Experts in Panhandle share how increased screen time can negatively affect the eyes

Experts in Panhandle share how increased screen time can negatively affect the eyes

AMARILLO, Texas (KFDA) - Many people’s eyes in the Panhandle area are being affected by the increased screen time that the pandemic has caused.

February is known by some to be one of optometry’s busiest months, but this year some optometrists say it’s busier than ever.

“It’s a lot, our numbers have just skyrocketed, we’re seeing so many more patients than normal,” said Shauna Thornhill, owner of Amarillo Vision Specialists.

Because of the pandemic, all ages are having an increase of screen time.

“Patients went from a six to eight-hour day on the computer to all waking hours,” said Amy Bishop, owner of Family Eye Care.

“Everything we’re doing is on screen, we’re doing it on multiple devices too, it’s not just our computer it’s our phone it’s our tablet, it’s our world,” said Thornhill.

Thornhill says before the pandemic, people were on screens ten hours a day, now its up to 13.

She says we tend to blink 66 percent less while on a digital device which is causing our eyes to be strained.

“It’s kind of like their doing bicep curls all day long those muscles fatigue out, that’s what is happening to our eyes,” said Thornhill.

This is leading to people having dryer eyes that can lead to problems if not treated and some are irreversible.

“Dryness left untreated can cause lots of discomfort, a lot of the burning, itching, tearing, watering eyes and long-term it can lead to scarring, which can cause long term visual effects, basically blindness if left untreated for long periods of time,” said Thornhill.

Some people who are staring at screens more say one device called blue light glasses are actually helping their eyes during the pandemic.

They say they are helping them sleep better at night as well as reduce eye strain for people who stare at computers for hours at a time.

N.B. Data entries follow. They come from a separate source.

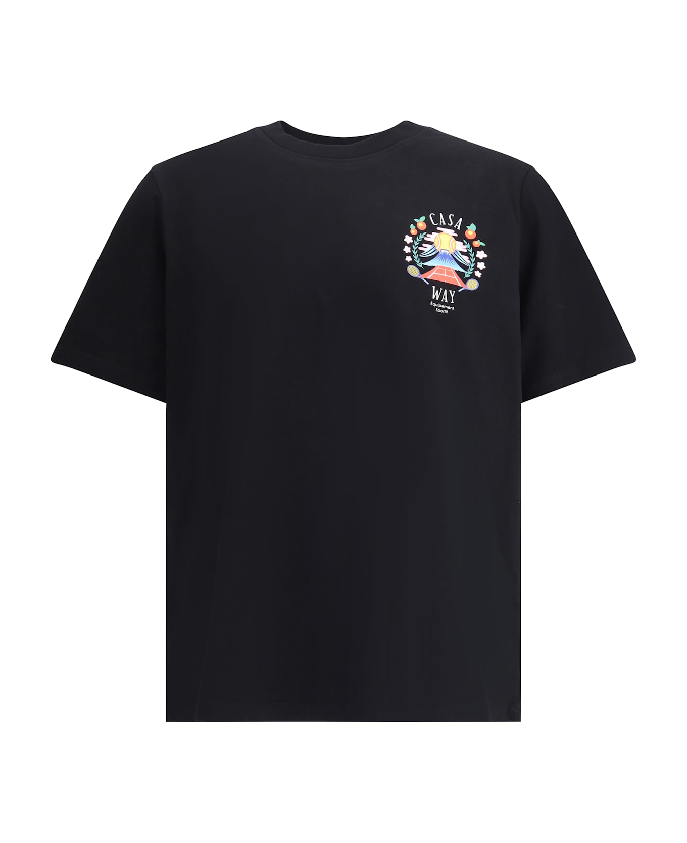 Casablanca's signature pure cotton t-shirt features a graphic "casa way mountain" print on the front and back that echoes the brand's artistic and refined style. the ribbed crew neck guarantees a comfortable fit and impeccable tightness. a distinctive garment that combines quality and creativity, perfect for elevating your casual look. Composition: 100% % Cotton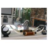 Contemporary home: · Natuzzi Leather Chairs · Epson Home Theater Projector · Contemporary Stools · Grand Baroque Sterling Flatware By Wallace · Tall African Sculptural Pieces · Interesting Chairs And Stools · Glass Dining Room Table · Pool Table · Exercise Equipment · Chandeliers · Epson Home Theater Projector
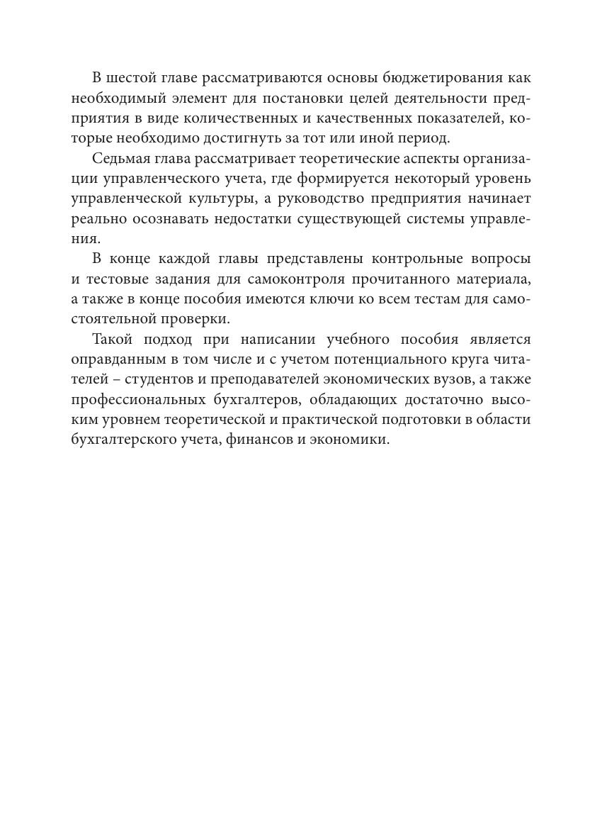 Учебное пособие посвящено актуальной проблеме становления и развития управленческого учета на российских предприятиях. Рассмотрены сложившиеся в отечественной управленческой практике понятия, определения и методы наряду с зарубежным опытом разработки и внедрения управленческого учета. В работе сфокусировано внимание на организационных и методических вопросах становления управленческого учета как неотъемлемой части современного менеджмента. Учебное пособие предназначено для бакалавров, обучающихся по специальности «Бухгалтерский учет, анализ и аудит» и других экономических специальностей, а также для работников служб финансово-экономического блока, менеджеров и руководителей предприятий, преподавателей экономических вузов.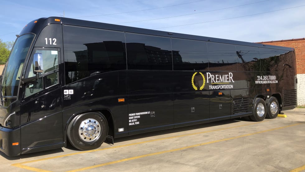 MCI’s Livery Edition adds black leather diamond stitch seating for 56 passengers, woodgrain flooring, and power outlets with USB ports.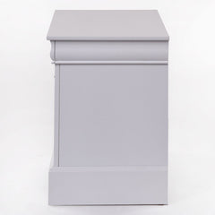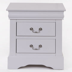 It has two drawers with center metal glide and brushed nickel metal handle. Offers you plentiful storage with spacious drawers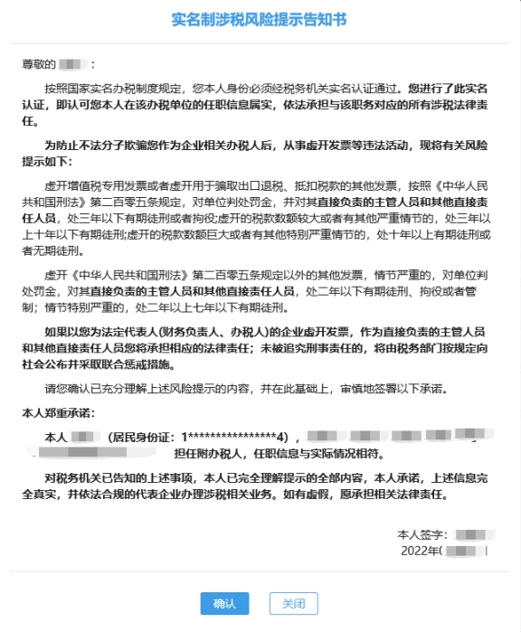 七、實名制涉稅風險提示告知書頁面。
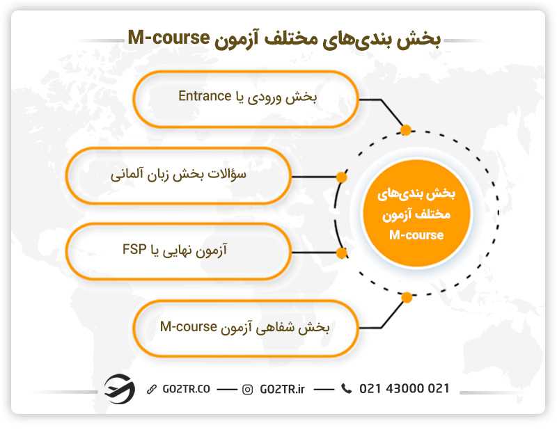 همانطور که متوجه شدید آزمون M-course دارای دو آزمون؛ یکی برای ورود به کالج و دیگری هنگام خروج و اقدام برای پذیرش در دانشگاه مقصد میباشد. در هر دو آزمون، بخشهای مختلفی وجود دارند که زبان آلمانی در هر دو مشترک است.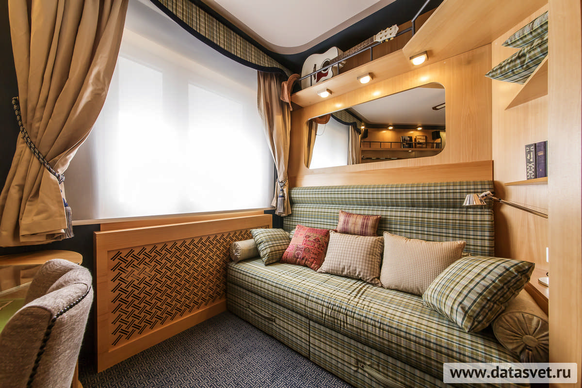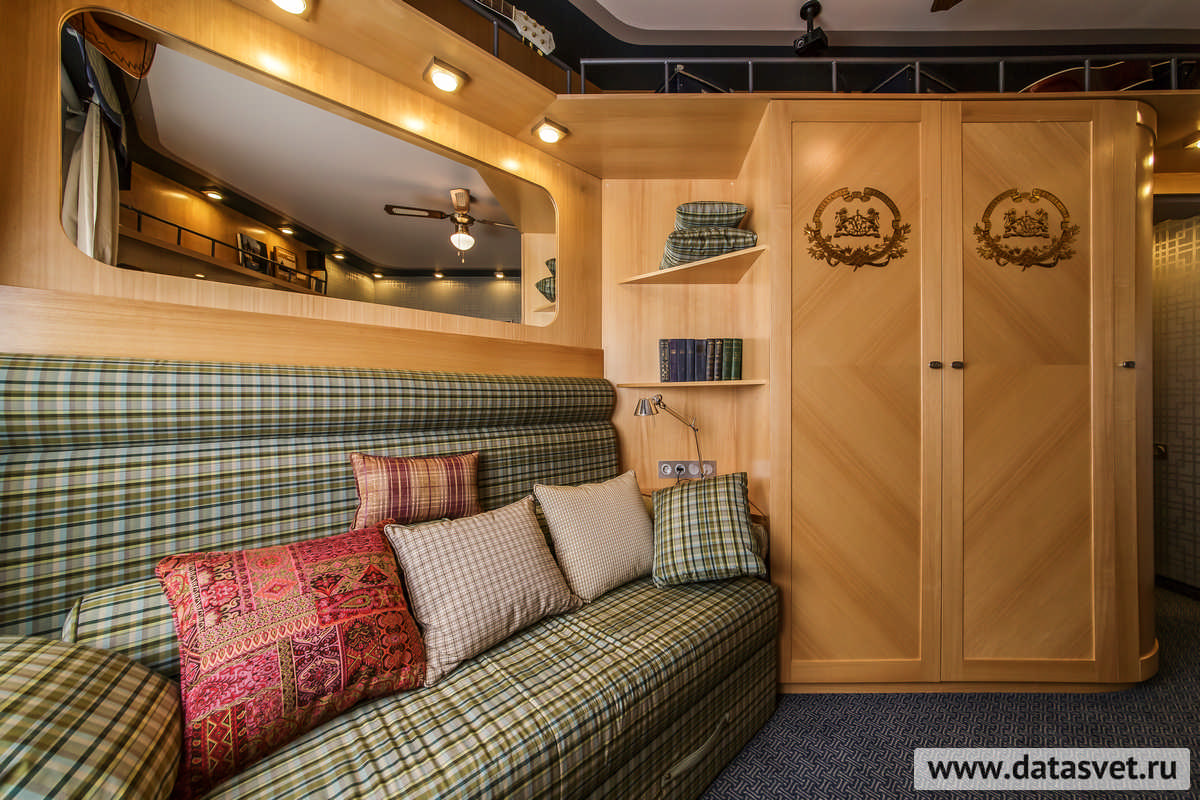 Обратите внимание, что в некоторых случаях светильники закреплены потолочно, а в иных – аккуратно встроены в функционально необходимую антресоль или дополнительные панели, что создает в целом многоуровневость освещения, абсолютную «пронизанность» комнаты светом (общая цветовая «палитра» – 2700 К, - теплое белое свечение). Во многом благодаря им, 12,7 м2 (с 5,2 м2 кладовой) комнаты кажутся гораздо более обширной площадью. Заметим, что может показаться – количество осветительных приборов на одну комнату преувеличено. Но и тут есть достойное объяснение – светильники могут включаться и выключаться по отдельности, что создает как разные «программы» освещения с соответственно разными настроениями, так и экономию энергии в целом (в добавок к тому, энергосберегающая технология, являющаяся основой светильников, в принципе позволяет экономить до 80% энергии). Не случайно, счастливые обладатели новой комнаты сразу же отметили это достоинство - Екатерина, супруга хозяина дома, отдельно подчеркнула: «Замечательно реализовано освещение. Много вариантов включения, кроме того, каждый встроенный светильник можно включить и выключить локально, на каждом – свой выключатель».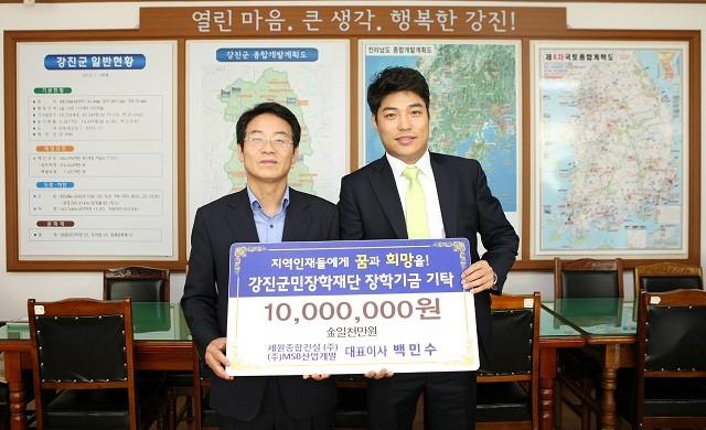 또한 지난 22일에는 강진군 출신 사업가인 백민수 대표가 장학금 1천만 원을 기탁했다.

Bishop says blue light glasses have been an ongoing study, but so far some of her patients say it’s working.

“Pretty much 70 to 80 percent of patients that are buying glasses are putting it on there,” said Bishop.

“Blue light is the real hot topic in the eye world right now and sales of blue blocking lenses have skyrocketed, now the evidence of that shows blue blocking lenses maybe doesn’t reduce eye strain,’ said Thornhill. “We don’t really have a lot of evidence showing that works, however we have lots of patients that swear by those lenses so it can’t hurt.”